• _Work item_
Would you return exactly the lines below from the line with "57级/30黄/女主/20个五星角色/7个五星武器" through the line with "Мюсли с йогуртом и свежей черникой", both included, and nothing else, leaving out the pictures?

• _Material provided_
□ □ □

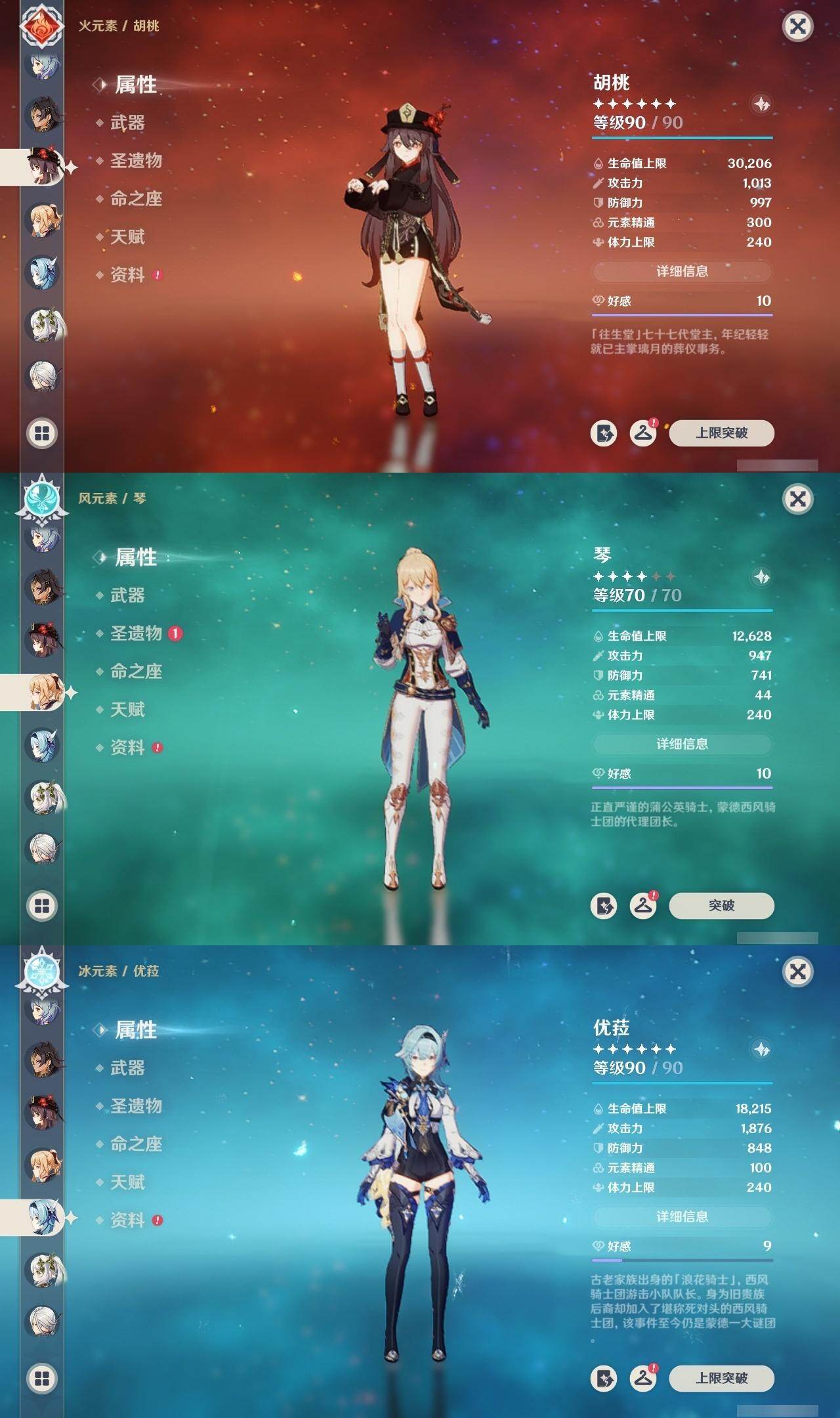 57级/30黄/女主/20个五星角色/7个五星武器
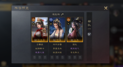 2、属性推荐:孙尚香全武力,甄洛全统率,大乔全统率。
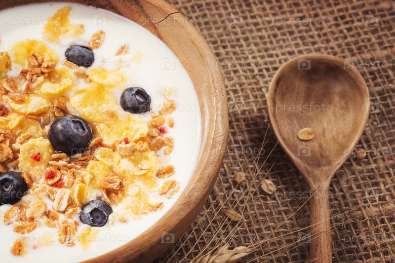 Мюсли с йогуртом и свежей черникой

□ □ □

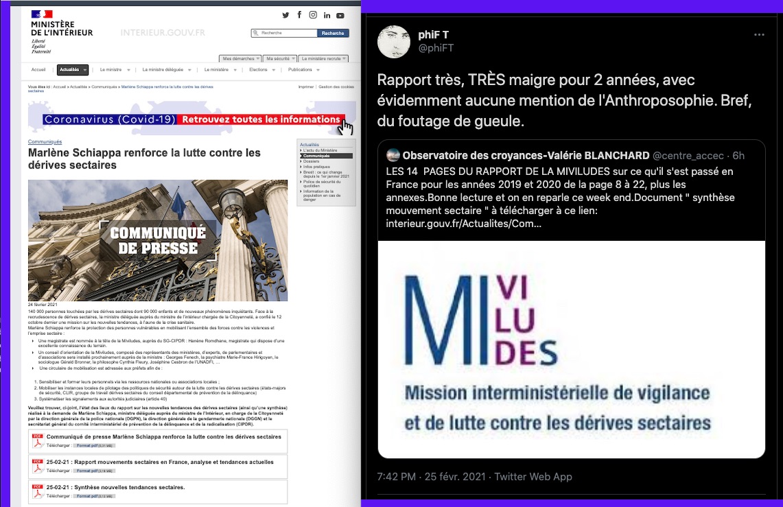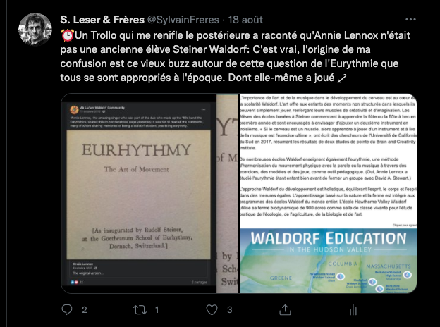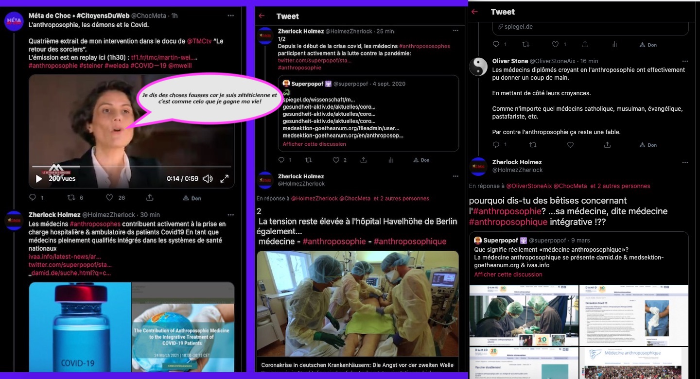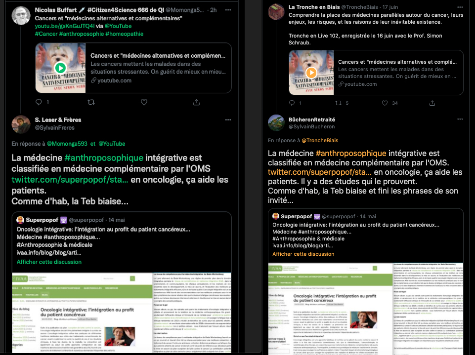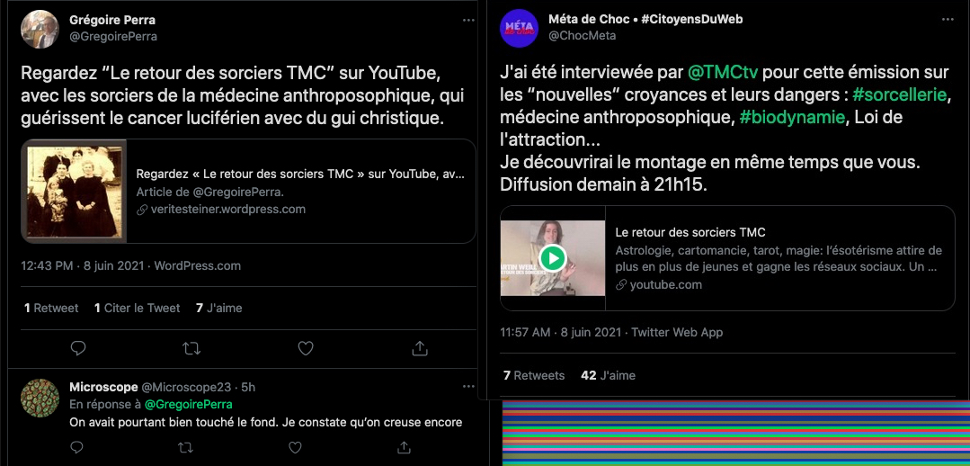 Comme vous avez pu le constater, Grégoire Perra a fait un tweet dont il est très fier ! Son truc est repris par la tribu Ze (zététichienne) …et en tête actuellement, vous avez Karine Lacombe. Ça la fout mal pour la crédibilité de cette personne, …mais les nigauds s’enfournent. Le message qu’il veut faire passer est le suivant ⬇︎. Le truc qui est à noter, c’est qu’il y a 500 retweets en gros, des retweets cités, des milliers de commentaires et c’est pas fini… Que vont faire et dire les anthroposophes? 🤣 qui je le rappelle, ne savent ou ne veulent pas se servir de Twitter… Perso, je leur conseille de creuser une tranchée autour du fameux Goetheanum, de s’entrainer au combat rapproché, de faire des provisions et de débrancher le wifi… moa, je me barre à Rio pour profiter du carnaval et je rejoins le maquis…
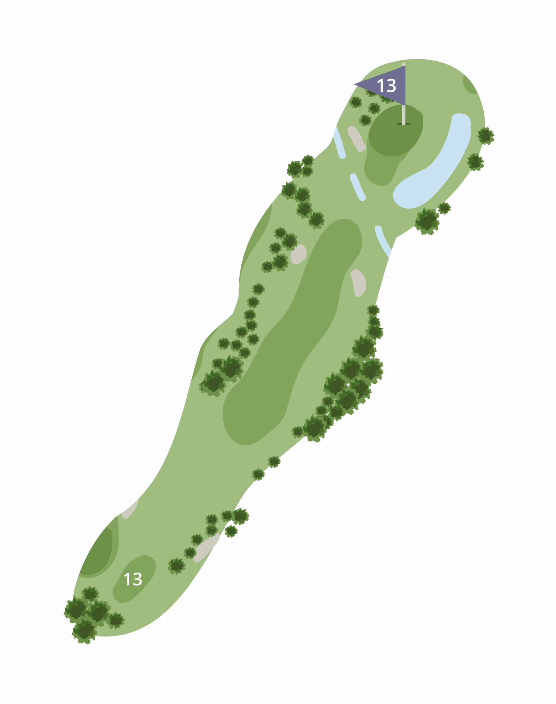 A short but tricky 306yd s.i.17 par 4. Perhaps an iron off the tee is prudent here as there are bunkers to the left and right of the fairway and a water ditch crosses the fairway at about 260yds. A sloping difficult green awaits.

□ □ □

• _Answer to this task_
 57级/30黄/女主/20个五星角色/7个五星武器
 2、属性推荐:孙尚香全武力,甄洛全统率,大乔全统率。
 Мюсли с йогуртом и свежей черникой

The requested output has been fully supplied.